Dataset excerpt:
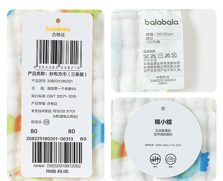 巴拉巴拉新生儿小方巾婴儿用品初生宝宝纯棉舒适简约清新三件装萌
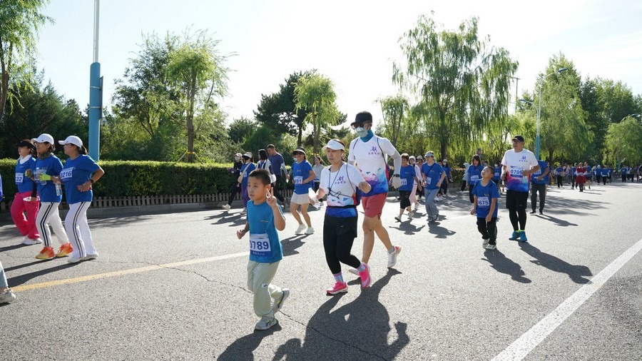 上午8時整,勞動公園彩旗飄揚,1400名青城跑者聚集在此,隨著清脆的笛鳴響起,身著藍(lán)色運動服的青城跑者們奔跑在陽光照射下的步道上,沿途盡賞青城美景,盡享運動健身之樂。
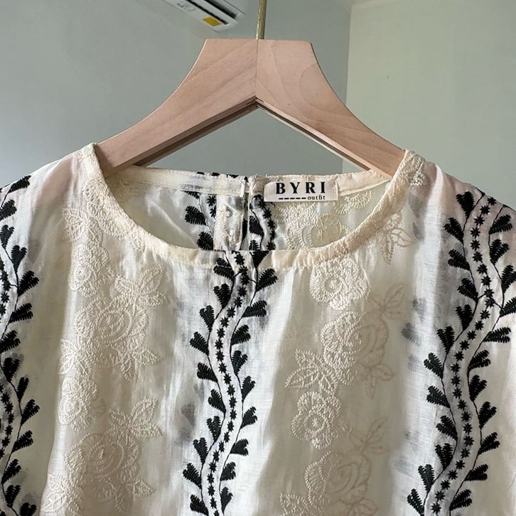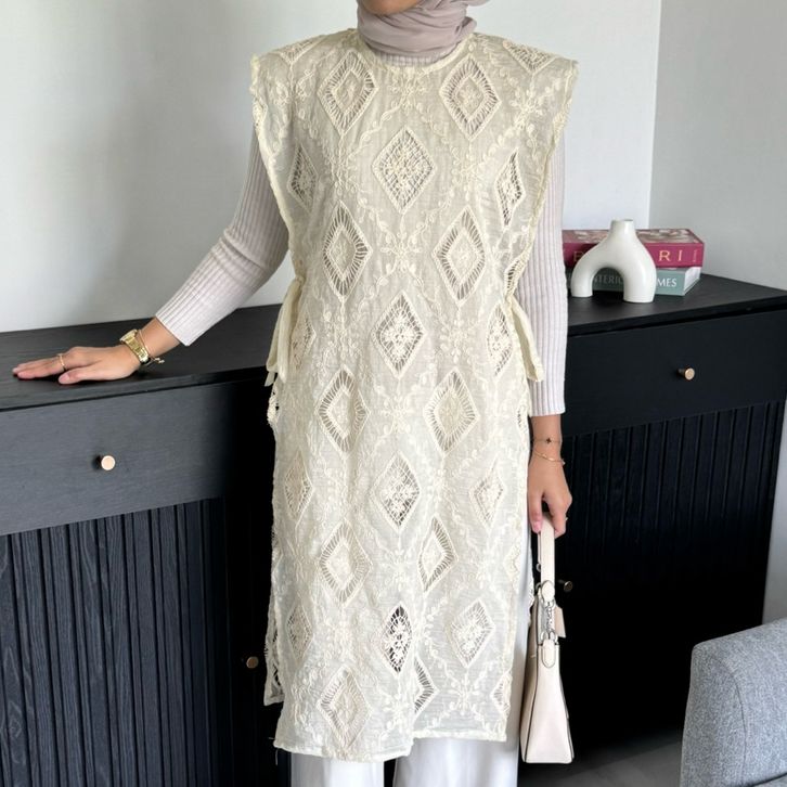 [Star] Meera Outer Brokat Lace Embroidery Bunga-Bunga Katun Outfit Atasan Baju Wanita Kondangan Simple Elegan Kekinian

Task to carry out: Please make an exact copy of the whole listing and leave out its pictures.

Exercise response:
 巴拉巴拉新生儿小方巾婴儿用品初生宝宝纯棉舒适简约清新三件装萌
 上午8時整,勞動公園彩旗飄揚,1400名青城跑者聚集在此,隨著清脆的笛鳴響起,身著藍(lán)色運動服的青城跑者們奔跑在陽光照射下的步道上,沿途盡賞青城美景,盡享運動健身之樂。
 [Star] Meera Outer Brokat Lace Embroidery Bunga-Bunga Katun Outfit Atasan Baju Wanita Kondangan Simple Elegan Kekinian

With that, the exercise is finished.